Using assembly graphs to identify bacteriophages associated with gastrointestinal diseases (82504)

Vijini Mallawaarachchi 1 , Michael Roach 1 , Bhavya Nalagampalli Papudeshi 1 , Robert Edwards 1
  1. Flinders Accelerator for Microbiome Exploration, Flinders University, Bedford Park, SA 5042, Australia

Microbial communities found within the human gut have a strong influence on human health. Gastrointestinal diseases such as inflammatory bowel disease (IBD) are driven by intestinal bacteria and viruses [1]. Viruses infecting bacteria, known as bacteriophages, play a key role in modulating bacterial communities residing within the human gut [2,3]. However, the identification and characterization of novel bacteriophages in the gut microbiome remains a challenge. 

High-throughput sequencing technologies have paved the way for metagenomics to study uncultivated microbial and viral communities. There are a variety of tools to identify viral sequences from metagenomic data [4-7]. These tools often make use of similarity between sequences, nucleotide composition, and the presence of viral genes/proteins.

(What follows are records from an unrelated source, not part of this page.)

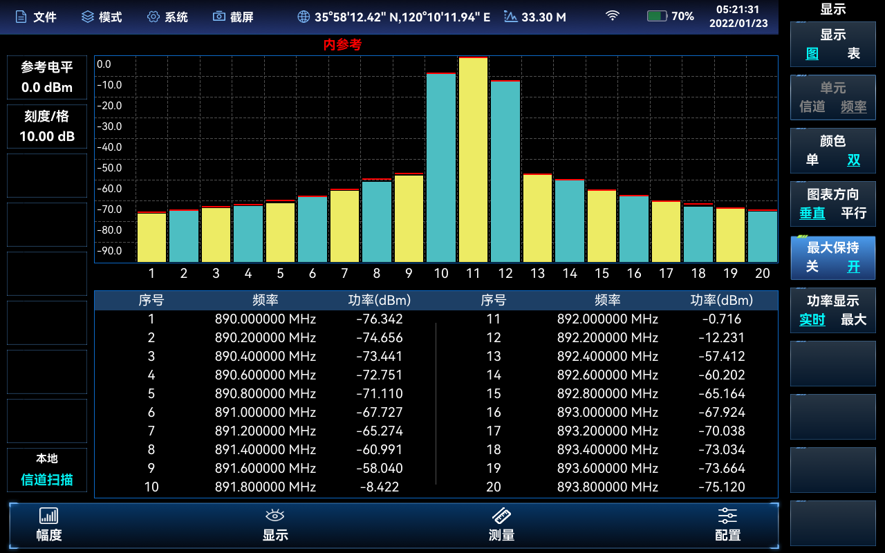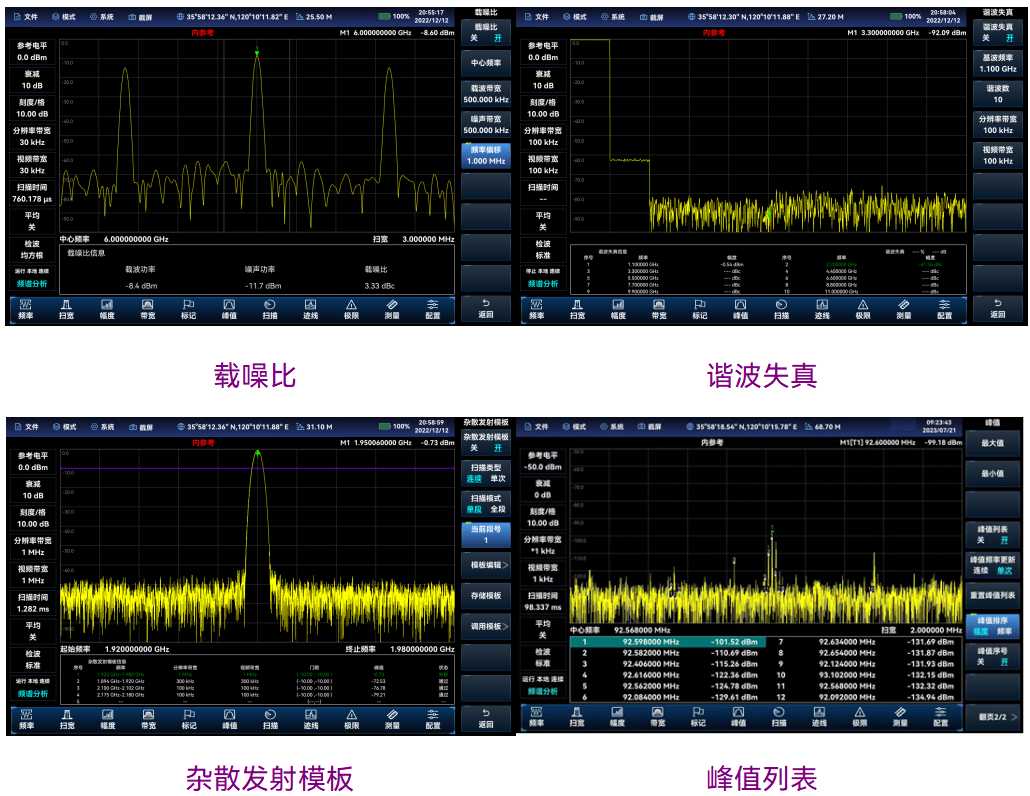 多種智能測量功能:通道功率、占用帶寬、鄰道功率、頻譜發射模板(bǎn)、載(zǎi)噪比、諧波失真(zhēn)、雜散發射(shè)模板、室(shì)內/室外地圖覆蓋等,支(zhī)持GPS/北鬥(dòu)定位(wèi)及對機內晶振的頻率馴(xùn)服校準功能,GPS鎖定校準後的頻率參考精度典型值可達到±10ppb;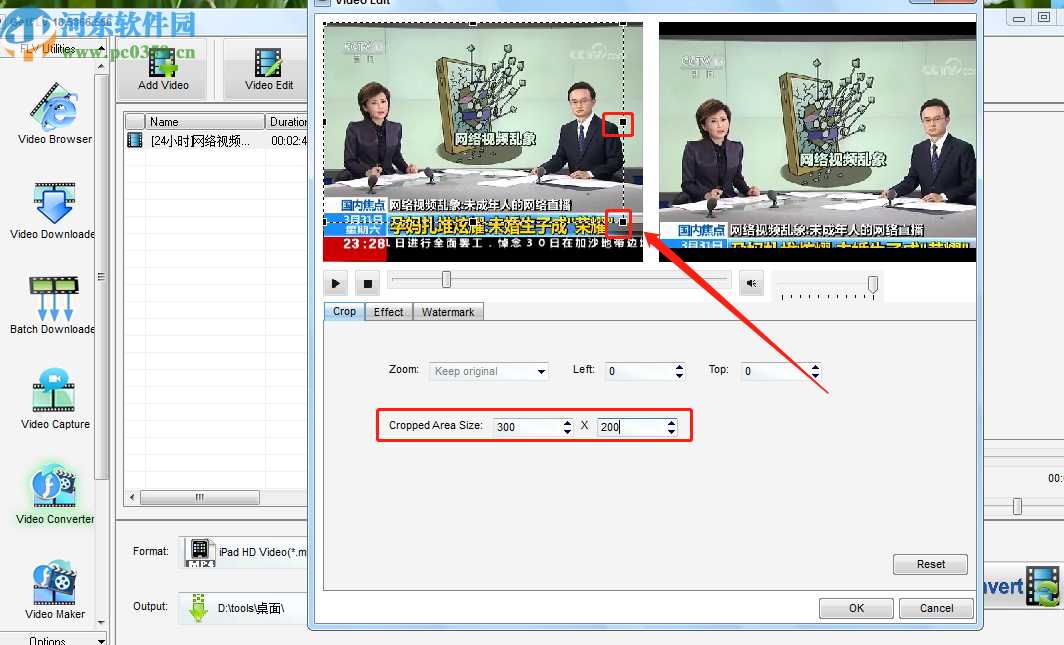 4.进入到视频编辑功能界面之后,我们可以调整视频中的裁剪框,选择想要裁剪的位置,另外可以在下方直接输入想要裁剪视频的尺寸。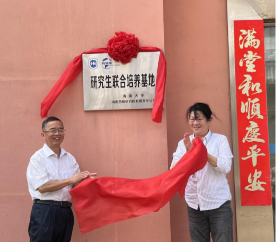 图:生命科学公司经理徐顺清与海南药物研究所有限责任公司总经理李玲进行揭牌仪式
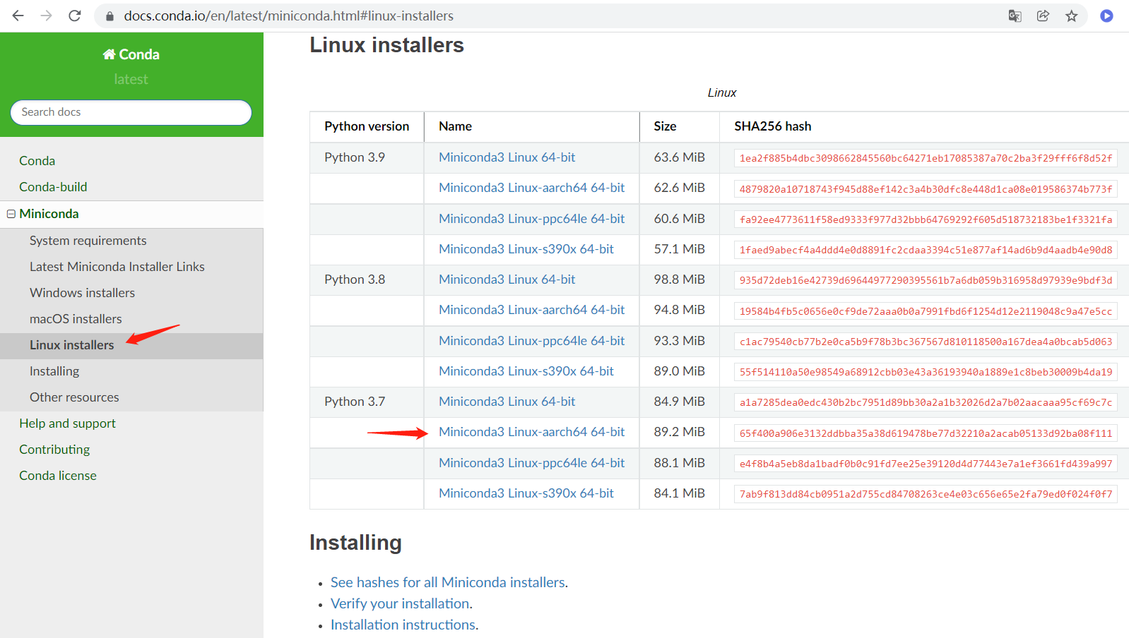 打开 https://docs.conda.io/en/latest/miniconda.html#linux-installers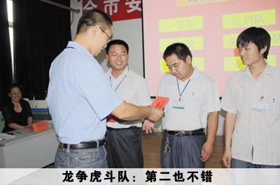 比賽設(shè)有必答題、搶答題、風(fēng)險(xiǎn)題三個(gè)環(huán)節(jié),還為現(xiàn)場(chǎng)觀(guān)眾特設(shè)了觀(guān)眾題。副總經(jīng)理陳延剛擔(dān)任總裁判。比賽內(nèi)容涵蓋企業(yè)文化、安全環(huán)保、規(guī)章制度等各個(gè)方面,內(nèi)容豐富,涵蓋面廣,重點(diǎn)突出,出題方式靈活多樣。各隊(duì)選手們準(zhǔn)備充分,精神飽滿(mǎn),競(jìng)賽過(guò)程拼搶激烈,高潮迭起,觀(guān)眾互動(dòng)搶答,精彩紛呈。經(jīng)過(guò)三輪激烈的角逐,科室一組亮劍隊(duì)以270分的絕對(duì)優(yōu)勢(shì)勇奪桂冠,一分廠(chǎng)龍爭(zhēng)虎斗隊(duì)和四分廠(chǎng)龍之隊(duì)分獲二、三名。陳總為各參賽隊(duì)現(xiàn)場(chǎng)頒獎(jiǎng),企業(yè)文化部主任戚哲芬為本次活動(dòng)組織做了總結(jié)點(diǎn)評(píng),并針對(duì)現(xiàn)場(chǎng)組織的諸多細(xì)節(jié)問(wèn)題提出要求。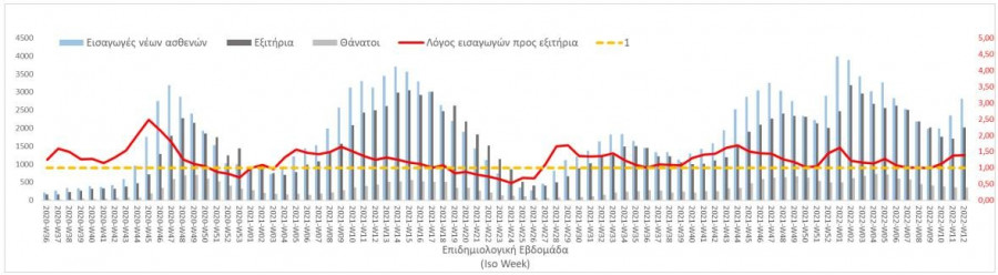 Την εβδομάδα αναφοράς, οι εισαγωγές νέων ασθενών ήταν 2.817, ενώ το σύνολο των εξιτηρίων λόγω ίασης ήταν 2.024. O λόγος εισαγωγών νέων ασθενών προς εξιτήρια λόγω ίασης ήταν 1.39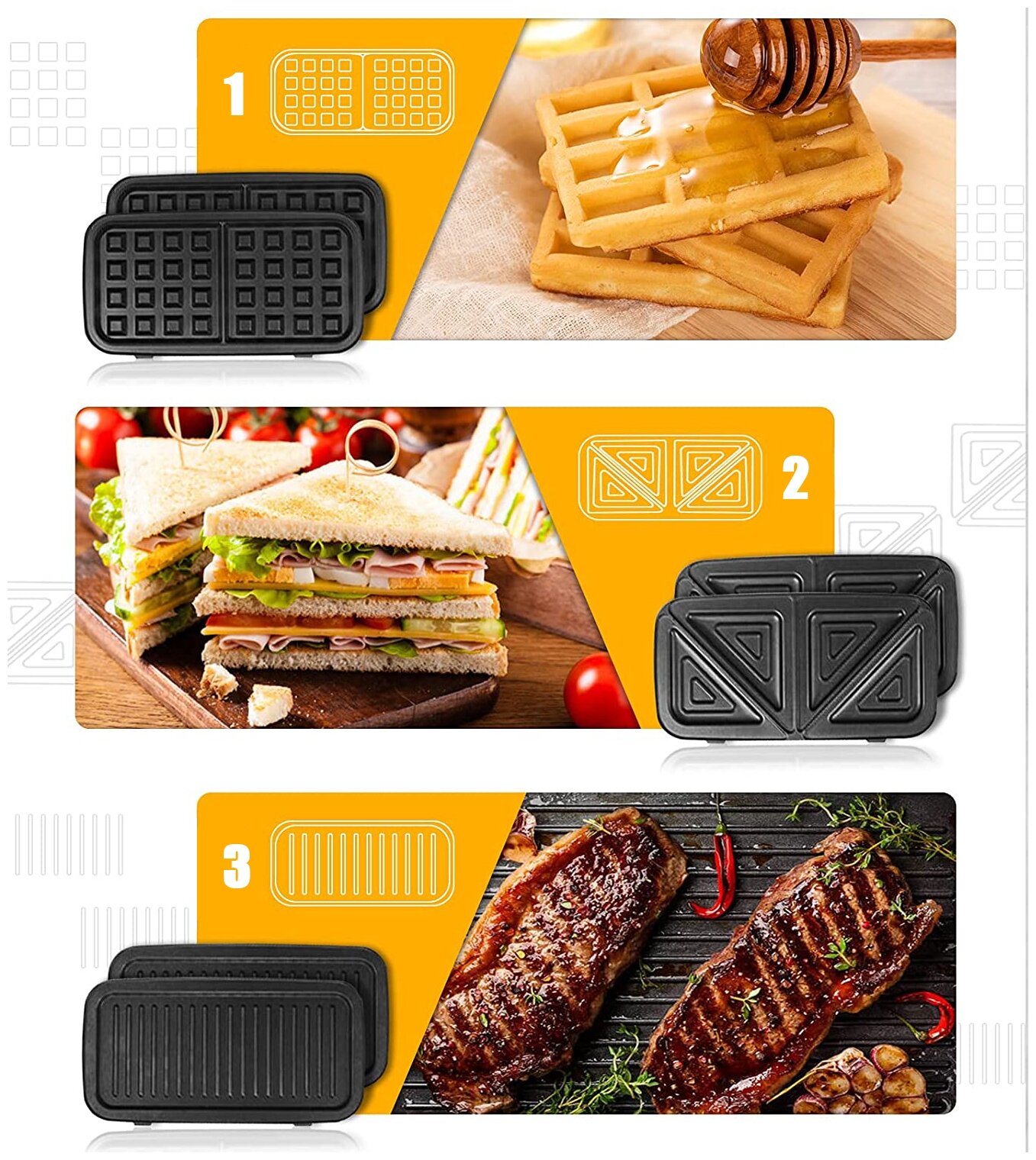Многофункциональный электрический гриль GFGRIL GF-085 с 3 видами панелей: гриль, вафли, сэндвичи, электрогриль мощностью 1200 Вт с антипригарным покрытием и регулировкой температуры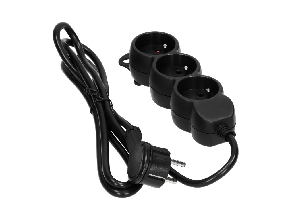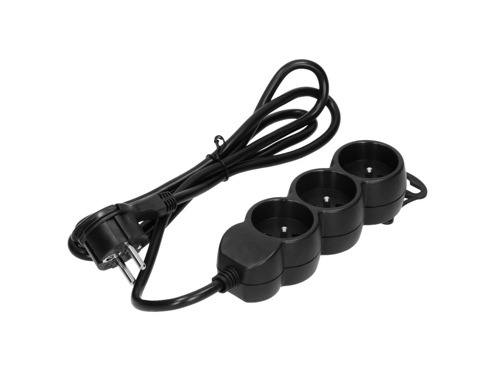- Tri zásuvky: Kábel je vybavený tromi dostatočne oddelenými zásuvkami, čo vám umožňuje napájať viaceré zariadenia súčasne.

Most existing tools consider the individual sequences and determine whether they are of viral origin. Due to the challenging nature of viral assembly, their genomes can be fragmented [8], and per-sequence based viral identification tools may not produce optimal results [9]. 

Metagenomic assemblers build a structure known as the assembly graph by overlapping reads to produce longer sequences called contigs [10]. Genomes typically correspond to long paths within the assembly graph, and contigs of connected components are more likely to belong to the same genome [11]. Hence, the assembly graph retains connectivity information and neighbourhood information within fragmented assemblies. Previous studies have made use of assembly graphs in taxonomy-independent metagenomic binning [12-14], mostly to identify bacterial species. This work explores the use of assembly graphs and machine learning techniques to identify viral sequences from fragmented assemblies. Specifically, we demonstrate the identification of bacteriophage genomes within samples collected from patients with IBD.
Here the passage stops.